Pretty sure it's not a Giant Squid. lol. 

Saw the photo yesterday of a fish with about four spots like that and they were on the top of the fish. Curious.


----------



## badonskybuccaneers (Aug 19, 2013)

I wouldn't typically think a remoras sucker would leave a mark on a fish like that. Not from what I've seen anyway. The "sucker" is the form of modified oval. The sucker-like organ with slat-like structures open and close to create suction and take a firm hold against the skin if their ride. By sliding backward, the remora can increase the suction, or it can release itself by swimming forward. So I wouldn't think it could cause damage to the skin of their "ride".
JMHO


----------



## djbradley (Jun 16, 2009)

Leader rub/cut?


----------



## lowprofile (Jan 6, 2013)

Braid does a good job at tearing up fish and mono will too.
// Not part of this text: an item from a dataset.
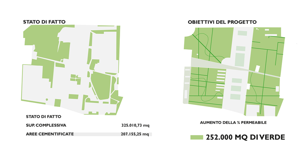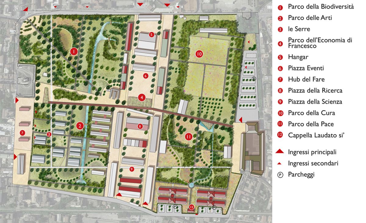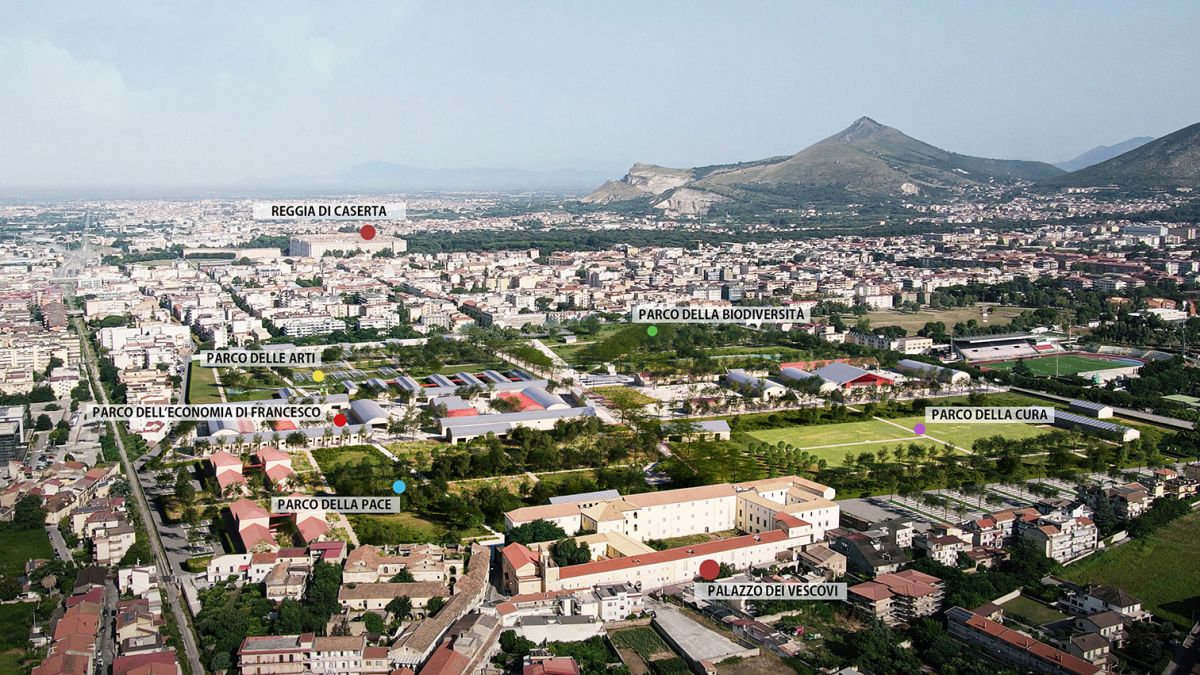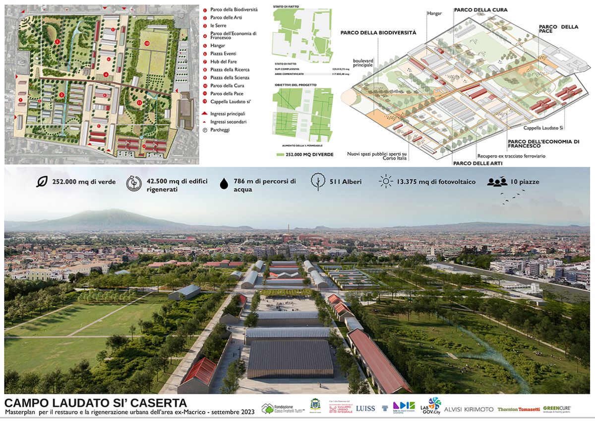 Lo studio di prefattibilità per la rigenerazione dell’area prima occupata dal Magazzino centrale rimessa mezzi corazzati della città campana porta la firma dello studio di architettura Alvisi Kirimoto. Gli oltre 300mila metri quadrati dell’area sono pensati per diventare un polo verde, sociale e culturale ispirato alla Laudato si’ di Papa Francesco A cura di: Pietro Mezzi Le principali funzioni del Campo Laudato si’ Caserta Indice degli argomenti Toggle I contenuti dello studioLe azioni previsteGli ambiti di interventoIl progetto strategicoLe possibili fonti di finanziamento A Caserta, un’area di oltre 300mila metri quadrati, non distante dal centro cittadino, potrebbe trasformarsi da ex presidio militare in un parco verde capace di ospitare funzioni sociali e culturali ispirate all’ecologia integrale di Papa Francesco. Lo studio di prefattibilità, presentato alcuni giorni fa, dal titolo “Da Campo di Marte a Campo Laudato si’ Caserta, parco verde per l’ecologia integrale, polo sociale e culturale”, nasce dalla volontà della Curia di Caserta di attivare un processo di sviluppo urbano sostenibile, che veda nella collaborazione fra attori pubblici, economici, sociali, scientifici e civici e nella Fondazione di Partecipazione “Casa Fratelli Tutti”, uno strumento capace di governare il complesso processo con uno spirito collaborativo. L’area militare L’ex presidio militare denominato Macrico, MAgazzino Centrale RImessa mezzi Corazzati, oggi in stato di totale abbandono, occupa una superficie di oltre 324.000 metri quadrati ed è collocato al terminale est dell’asse viario di corso Trieste, la strada principale della città che conduce, a ovest, alla Reggia di Caserta. I contenuti dello studio Considerata la posizione strategica, distante appena 15 minuti a piedi dal centro cittadino, l’area è uno snodo viario importante, collocato tra la Reggia, il centro storico e le nuove aree di espansione, nonché un potenziale polmone verde per la città. Il dettaglio delle funzioni da ospitare Il progetto si compone di infrastrutture verdi per la biodiversità e, per la parte costruita solo parzialmente rigenerata, di strutture sociali ed economiche destinate ad attività di cura della persona (salute e sport), di accoglienza, culturali, di formazione, di innovazione e trasferimento tecnologico. Dal punto di vista energetico, l’intervento ambisce a essere autosufficiente, attraverso la realizzazione di una comunità energetica rinnovabile e solidale. Al centro della proposta vi è una drastica riduzione della cubatura esistente in favore di un parco urbano aperto e fruibile dalla collettività, dove la componente ambientale unifica gli elementi, mentre gli spazi in disuso si animano di verde, creando un ecosistema di relazioni. Le azioni previste Due sono le azioni principali previste: da un lato la ristrutturazione degli edifici esistenti, con la riduzione drastica – quasi il 50% – della volumetria complessiva; dall’altro, la realizzazione di cinque nuovi parchi dall’identità innovativa e sostenibile, che nelle intenzioni daranno vita a un complesso unico e irripetibile. Pensata per una comunità viva e dinamica, l’infrastruttura verde, allacciata alle reti di mobilità sostenibile del territorio e affiancata da un’infrastruttura digitale parallela e a disposizione di tutti, trasformerà l’area in un luogo per il benessere psicofisico, la produzione artistica e il welfare culturale. È prevista la demolizione degli edifici in lamiera, utilizzati come deposito attrezzi e privi di valore storico-costruttivo, mentre invece si prevede di recuperare gli edifici in muratura vincolati attraverso interventi puntuali e ben calibrati secondo i singoli manufatti. Il Campo Laudato si’ Caserta diventerà anche un museo di archeologia industriale, dove sarà possibile rileggere la storia del luogo. L’iter progettuale L’iter progettuale prevede due fasi distinte: il Masterprogram e il Masterplan. La prima comprende un piano di interventi strutturali volti a identificare elementi trainanti per il tessuto sociale e per il funzionamento urbanistico, cui si affianca un’attenta costruzione del quadro di investimenti in ambito pubblico e privato. Raffronto tra le superfici a verde dell’esistente e quelle previste dallo studio La seconda, invece, risponde agli investimenti previsti con soluzioni mirate ad ottenere spazi per il verde e attività pubbliche, riducendo il costruito e ricercando una nuova connessione con il contesto urbano. Gli ambiti di intervento Sono stati identificati cinque ambiti principali di intervento, collegati l’uno all’altro mediante una rete di percorsi pedonali e ciclabili, piazze e spazi attrezzati all’aperto. I parchi previsti dallo studio di prefattibilità Il primo, a Nord-Est, consiste nel Parco della Biodiversità, in cui prevale l’elemento naturale, che ospiterà un parco naturale esperienziale e museo sensoriale aperto alla città e collegato al tessuto urbano circostante. A seguire, il Parco delle Arti, localizzato a Sud-Ovest dove avranno luogo attività legate allo spettacolo e alla produzione culturale, con spazi espositivi e di condivisione del sapere artistico e artigianale. Il Parco della Pace, pensato per l’accoglienza e la solidarietà, è l’ambito che corrisponde alla zona a Sud Est del lotto. Uno spazio verde con edifici per attività sociali, associazioni e luoghi per la spiritualità, come la Cappella Laudato Sì. Nell’area Nord-Est, in prossimità del palazzetto dello Sport e dello stadio Alberto Pinto, si trova il Parco della Cura, con percorsi, aree tematiche e spazi per lo sport, le attività collettive e gli eventi culturali. Infine, il Parco dell’Economia di Francesco, nella zona centrale del lotto, caratterizzato da manufatti in muratura da recuperare, altri parzialmente demoliti e il cosiddetto hangar, dallo straordinario valore simbolico, trasformato in un suggestivo spazio per gli eventi e

And the other one with 4 spots was just leaves.


----------



## Gamefish27 (Nov 13, 2009)

lion fish!!!


----------



## CharlieT (Feb 13, 2012)

I think its some type of skin parasite...maybe sea lice or something similar.


----------



## davis_patrick82 (Jun 22, 2013)

The one with 4 spots (mine) had 3 leaves and yes a raw spot (from the leader) in the same spot. It had a remora on it as well (under the lateral line)


----------